Aggregation describes the formation of large clusters of proteins. Aggregated proteins often lose their functionality. This can lead to ambiguous results in biochemical and biophysical assays, and aggregates can cause adverse effects when present in therapeutic drugs. Aggregation therefore needs to be avoided for many applications, but it is a common problem during purification, refolding, shipping, and storage, to name some examples. The aggregation behavior of a protein is often investigated as one aspect of protein stability.

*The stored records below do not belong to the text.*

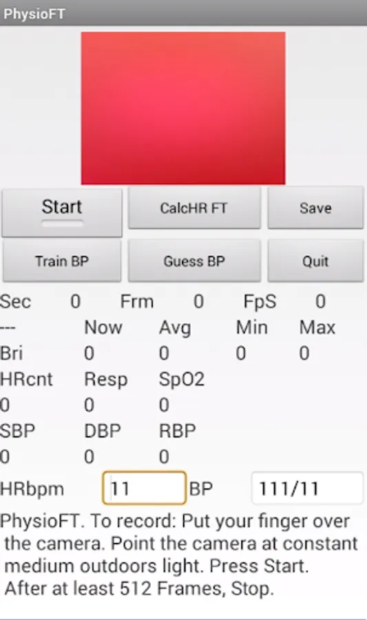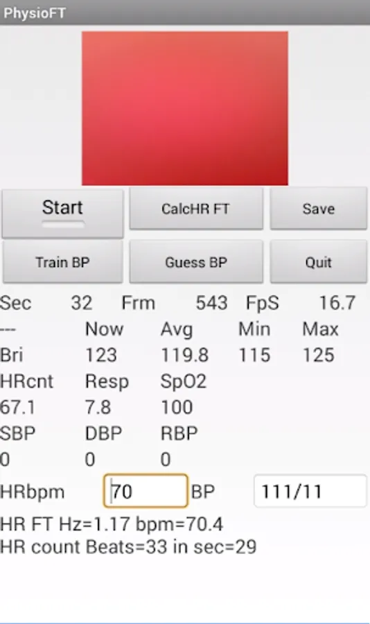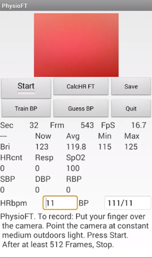 USAGE: 1. To record a PPG the user presses “Start” (Screenshot 1), waits until at least 512 frames have been analyzed, then presses “Stop” (Screenshot 2). For a training sample, the SBP, DBP and HR must be simultaneously recorded with a BP cuff, e.g. with the cuff on the left arm and the phone in the right hand with the right index finger over the camera.
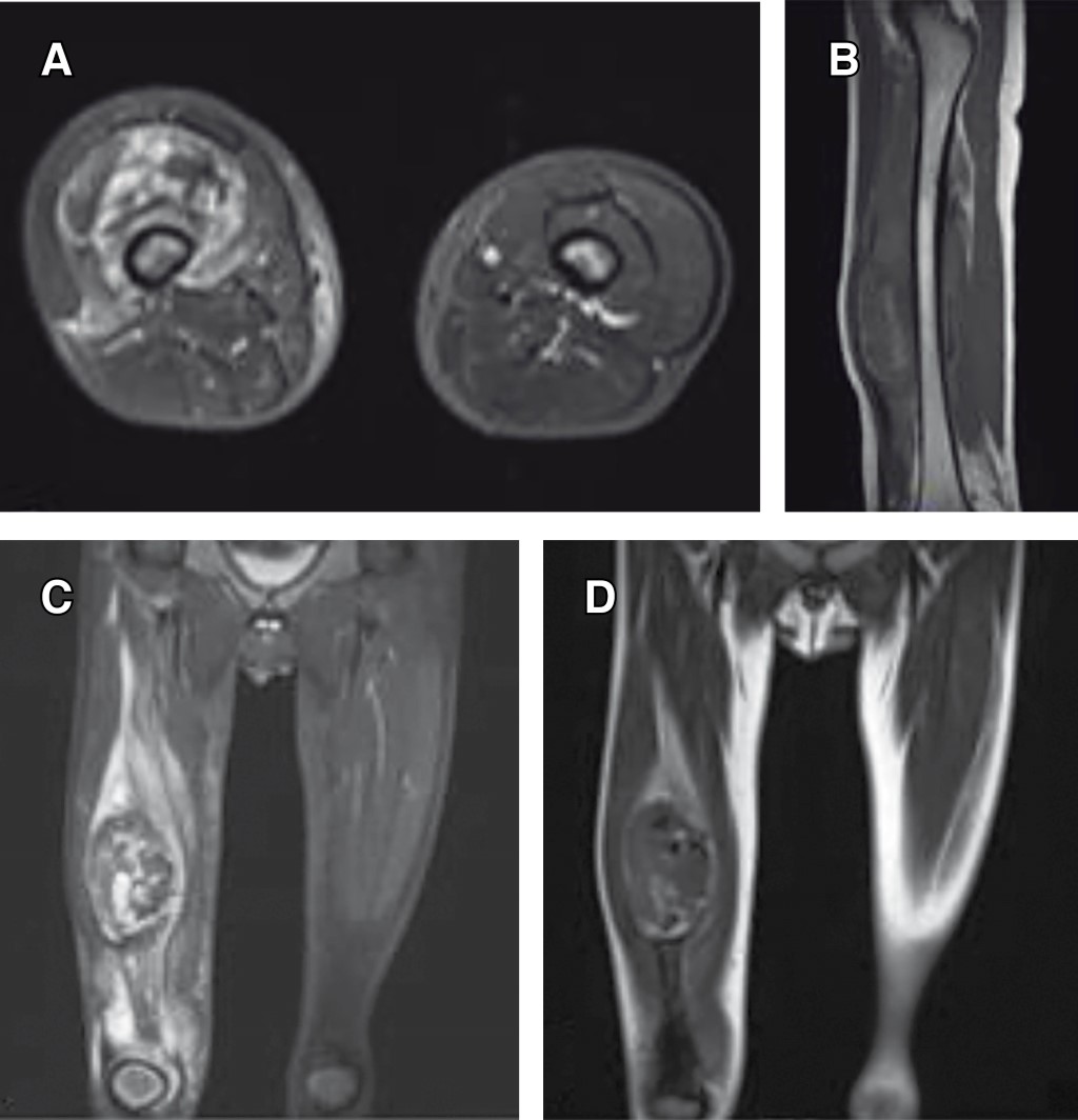 Material and methods: the objective of this retrospective study is to describe three clinical cases of circumscribed myositis ossificans; the first one is a 10-year-old girl with a post-traumatic cervical injury, the second one is an 11-year-old boy with an atraumatic-type distal thigh injury, and the third one is an 8-year-old boy with a post-traumatic right thigh tumor.
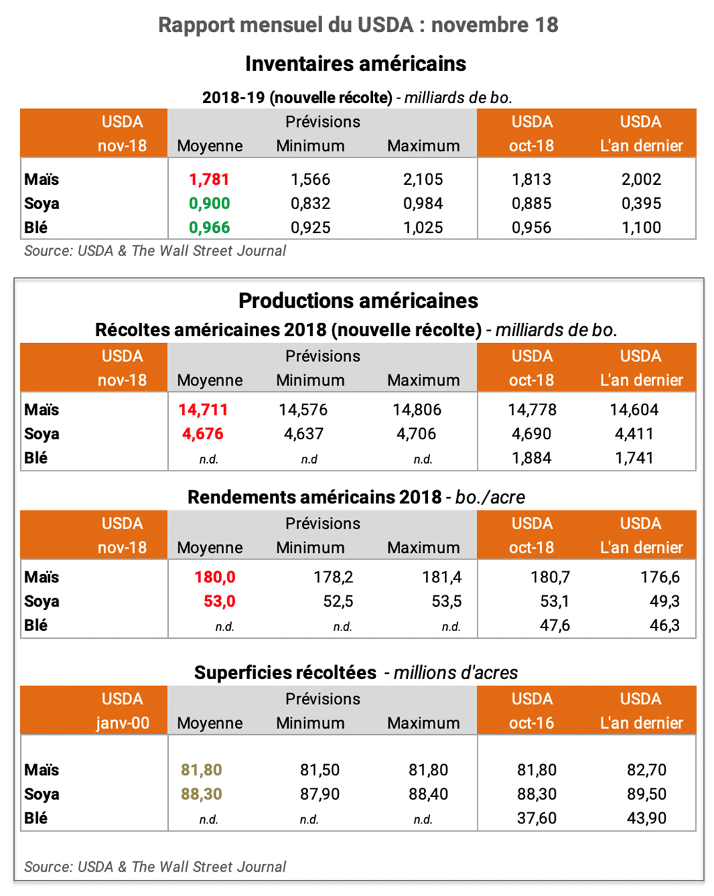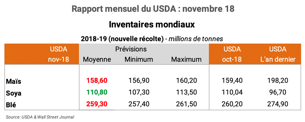 Pour accéder au rapport mensuel du USDA lors de sa publication (en anglais): WASDE Nov. 18
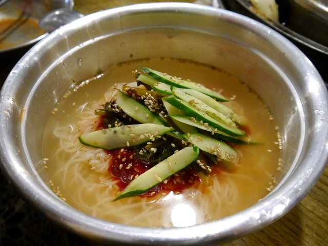 冷麺はちょっとヤンニョンなどを添えて、ぴりっと引き締まった味わいに。
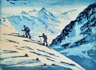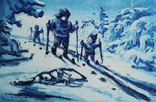 Tittel: "Vår tøffe turer" Størrelse: B:39,5 x H:29,5 Teknikk: Etsning I tillegg til prisen kommer 5% i kunstavgift.
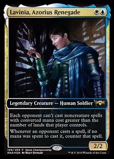 Obviously Lavinia is primarily targeted to the Nourishing Shoal / Force of Will crowds of larger formats, but she ain't half bad against a giant Banefire. As someone who has come back from manascrew to kill a Jeskai player with three land in play (one of which was a Sanctum of the Sun) I can heartily say "not zero."
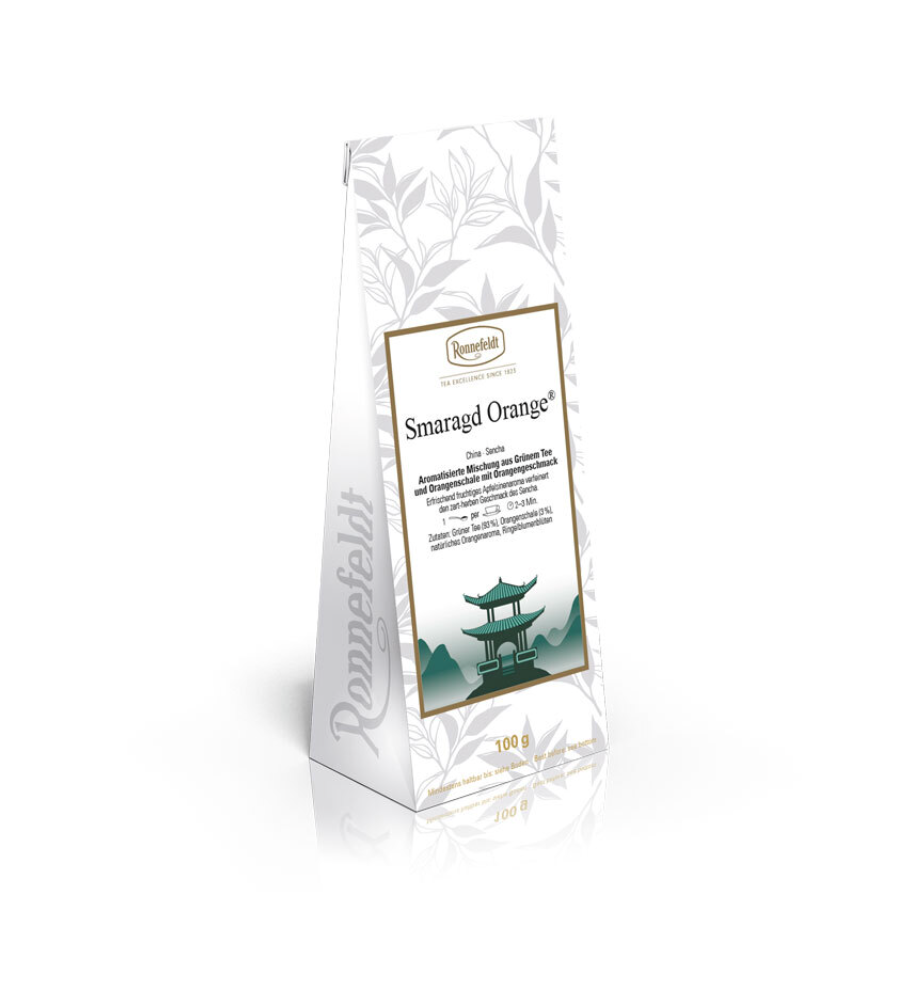 Herkunft: China, Erntezeit: Sommer, Zutaten: Grüner Tee (93 %), Orangenschalen (3 %), natürliches Orangenaroma, Ringelblumenblüten

Aggregation from the denatured state

Aggregation typically occurs as a consequence of denatured or partially denatured proteins (see illustration). When proteins (partially) unfold, hydrophobic patches from the interior of the protein often become exposed to the surface. In a polar environment (e.g. a buffer), these hydrophobic patches can then interact with hydrophobic patches of other molecules to form aggregates. In more general terms, unfolded regions will probe the conformational space to identify the lowest possible energy state, which is not necessarily the native conformation. Aggregation is a way to minimize the energy level by favoring a maximum of electrostatic and hydrophobic interactions allowed by the amino acid sequence. Partial unfolding can be caused by elevated temperature or by the presence of destabilizing agents, such as DMSO. While (partial) unfolding is potentially reversible, aggregation is typically not. This means that an aggregated protein sample typically cannot be recovered, which makes it important to prevent aggregation from happening in the first place. It also means that strictly speaking, there is no equilibrium in thermal unfolding experiments, because the (irreversible) aggregation process keeps removing unfolded protein from the reaction.

Aggregation from the denatured state is easy to screen for with Prometheus. By screening for conditions that stabilize the native state, which can be done by screening for thermal stability.

Aggregation from the native state

Some proteins, e.g. membrane proteins with large surface-exposed hydrophobic regions or intrinsically disordered proteins, show a tendency to form aggregates even in their native (folded) state. In such cases, solubilizing additives, such as detergents are used to keep these molecules in solution. Aggregation from the native state is best investigated using light-scattering methods.

Figure: This illustration shows different aggregation pathways. Aggregation may originate from the denatured or native state of a protein. (Partially) unfolded molecules start interacting, forming large aggregates. This process can be accelerated by increasing temperature.

Aggregation studies on Prometheus

Prometheus Panta measures protein aggregation via scattering using the DLS optics and turbidity using the backreflection optics. Prometheus Panta outputs the onsets of aggregation (see image below), which are temperatures at which the sample starts to aggregate or changes in size. The different states of aggregation may be reflected in the different onsets, from oligomerization to precipitation. All of these parameters are useful for comparing protein colloidal stability, and are generally useful to know as temperatures to keep your sample below. The onsets of aggregation often correlate with the unfolding of the protein as shown in the figure below. For proteins showing more than one unfolding event, aggregation may happen as a consequence of the first unfolding event or of a later one. Additional information on the underlying pathway of aggregation can be obtained by comparing the scattering, turbidity, and unfolding profiles with each other.